As I was typing that I realized that sosos...makes SOS.  Sort of.   I'm not throwing in the towel, but I'm not a superstar either.  I realized I'm miserable in my clothes, having gotten rid of all the bigger ones.   I still have the "belly constrictor girdle" type thing that I wore after surgery and I've put those on to keep the muffin top from spilling over...but clothes and those just aren't comfortable.   I can honestly remember what it felt like to put on a pair of pants and have them slide up effortlessly, and button or snap w/ no problem.  
 
I have worked out on the elliptical roughly every other day minus a couple.  I have purchased frozen veggies and stocked both the freezer at work and the freezer at home.   I have low fat/low cal veggie soups at work for days I forget to bring a lunch.   I've gotten a new phone and d/l the WW app onto it so I can always track no matter where I'm at.
 
I want to be a size 10 again.   I want to be able to get my rings off with ease.   I want to fit into all those clothes I bought last year.   I want this to work for me again.   I feel like I'm slowly clawing my way back...but it is so much harder than it was last time....There is a gremlin on my shoulder saying  "Just one won't hurt"....I need to kick his little ass and get him into the next county or something!
 
I remember thinking this morning about that phrase...The time will pass anyway and thinking back to late August when I was feeling like I needed to get back on it....I'd be 10 pounds lighter now than I was then if I'd just buckled down and started back on plan instead of putting it off...See, the time did pass and I have nothing to show for it but extra pounds instead of less.
 
Thanks for hanging in with me.  You are all the best!

Comments to this post:

don't give up

you were able to reach goal...unlike many of us.  THe reason you reached goal in the first place was because you didn't give up!


Hang in there!!!

Keep going

You really can do it. You know how and you have done it before. I was so inspired after looking around your blog. Every day counts. Just make each one a healthy one and you will find your way back to your clothes and your happiness! :)

....

You're back on track now & can kick those 13lb to the curb by the year's end. Of that I am certain!!
You need a fairy to sit on your other shoulder & remind you of the healthy options available when the gremlin is being naughty!! xx

...

Changing habits is hard, but you'll get there.  You can do it.  And don't forget that WW phrase, "progress, not perfection." 

hEY

Well I was sad for you as I read this post. I'm sorry to hear that you're having these feelings. I genuinely can empathize and I wish I could do more to help.
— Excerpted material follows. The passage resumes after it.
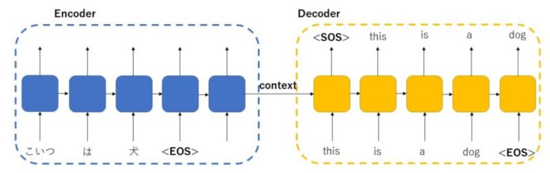 Seq2seqは,エンコーダとデコーダから構成されています。エンコーダは入力系列の各要素を処理し,捉えた情報を「文脈」と呼ばれるベクトルにコンパイルします。入力系列全体を処理した後に,エンコーダは「文脈」をデコーダに送り,デコーダは出力系列の各要素を次々と生成していきます。

I guess the only insight I can offer is that you are trying to go back "on plan" and not back to a happy medium. A compromise may be what you need.  

I've always been suspicious of the whole ball of wax regarding "on" or "off" plan.  It's a tough situation. You will find your way, though, I mean you're smart enough to know not to give up. keep blogging. tomorrow is a new chance. 

Wish I could do more to fix this for you.  I guess I could buy you an all expense paid trip to the biggest loser camp....if I could afford it I would send us both...a girl can dream

i'm with you!

Yep, it's SUPER hard..... but we can do it. If we've done it once we can do it again.... hang on in there!

...

big picture - you have done so well!  i know my graph doesn't show it as it only shows what's happened since i was on ep - but i lost and then put on heaps of weight in the few years before i came on here (around 40lb) so i know how discouraging it is to have to get back on the horse.    But we can do this!  One day at a time - and keep on blogging because we are all in this together and if you don't blog we won't know how you are feeling xoxox

:)

You will get there again hun.


You know what it feels like.

You want it too much to not keep at it.

((hugs))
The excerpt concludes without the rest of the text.